ACTIVITY: For this exercise, write out only the lines of the entries below from the one with "Add a meaningful" up to and including the one with "Vi aspettiamo venerdì", exactly as they are. Pictures stay out.

MATERIAL TO PROCESS:

- - -

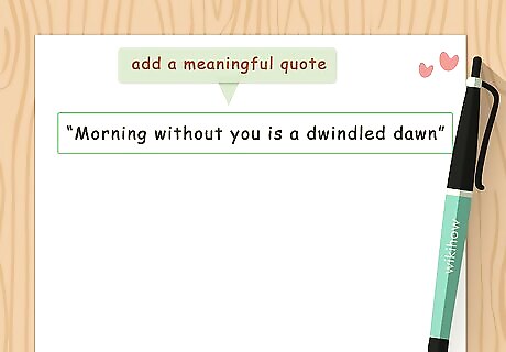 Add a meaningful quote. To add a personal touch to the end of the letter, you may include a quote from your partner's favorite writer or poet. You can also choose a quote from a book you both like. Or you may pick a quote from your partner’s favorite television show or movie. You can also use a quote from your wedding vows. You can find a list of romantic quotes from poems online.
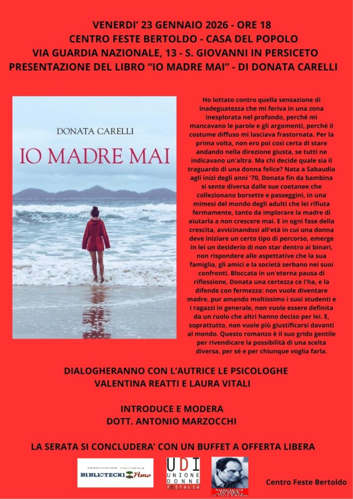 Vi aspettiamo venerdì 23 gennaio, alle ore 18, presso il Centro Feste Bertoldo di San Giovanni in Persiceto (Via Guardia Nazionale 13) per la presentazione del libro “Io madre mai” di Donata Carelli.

- - -

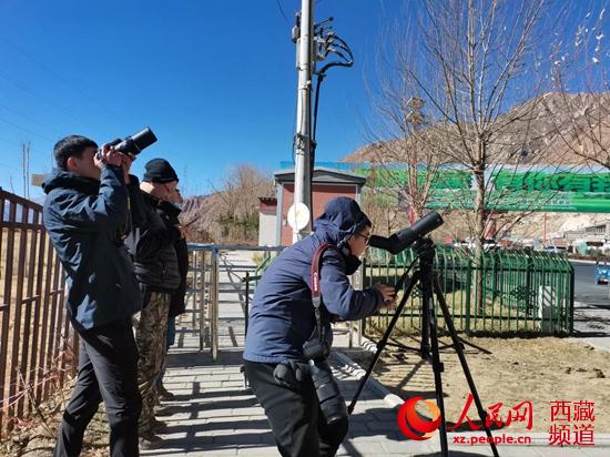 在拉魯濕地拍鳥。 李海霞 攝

- - -

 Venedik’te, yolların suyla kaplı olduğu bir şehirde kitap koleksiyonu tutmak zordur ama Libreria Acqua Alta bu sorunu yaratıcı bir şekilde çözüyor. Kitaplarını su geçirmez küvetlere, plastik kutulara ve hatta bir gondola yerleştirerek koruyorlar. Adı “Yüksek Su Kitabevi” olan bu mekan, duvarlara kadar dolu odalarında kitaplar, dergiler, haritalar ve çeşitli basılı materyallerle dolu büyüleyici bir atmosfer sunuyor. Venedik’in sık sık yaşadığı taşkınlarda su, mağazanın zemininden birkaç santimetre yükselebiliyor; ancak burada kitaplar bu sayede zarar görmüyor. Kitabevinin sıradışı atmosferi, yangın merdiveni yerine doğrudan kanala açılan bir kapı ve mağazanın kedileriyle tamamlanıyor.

- - -

TASK RESPONSE:
 Add a meaningful quote. To add a personal touch to the end of the letter, you may include a quote from your partner's favorite writer or poet. You can also choose a quote from a book you both like. Or you may pick a quote from your partner’s favorite television show or movie. You can also use a quote from your wedding vows. You can find a list of romantic quotes from poems online.
 Vi aspettiamo venerdì 23 gennaio, alle ore 18, presso il Centro Feste Bertoldo di San Giovanni in Persiceto (Via Guardia Nazionale 13) per la presentazione del libro “Io madre mai” di Donata Carelli.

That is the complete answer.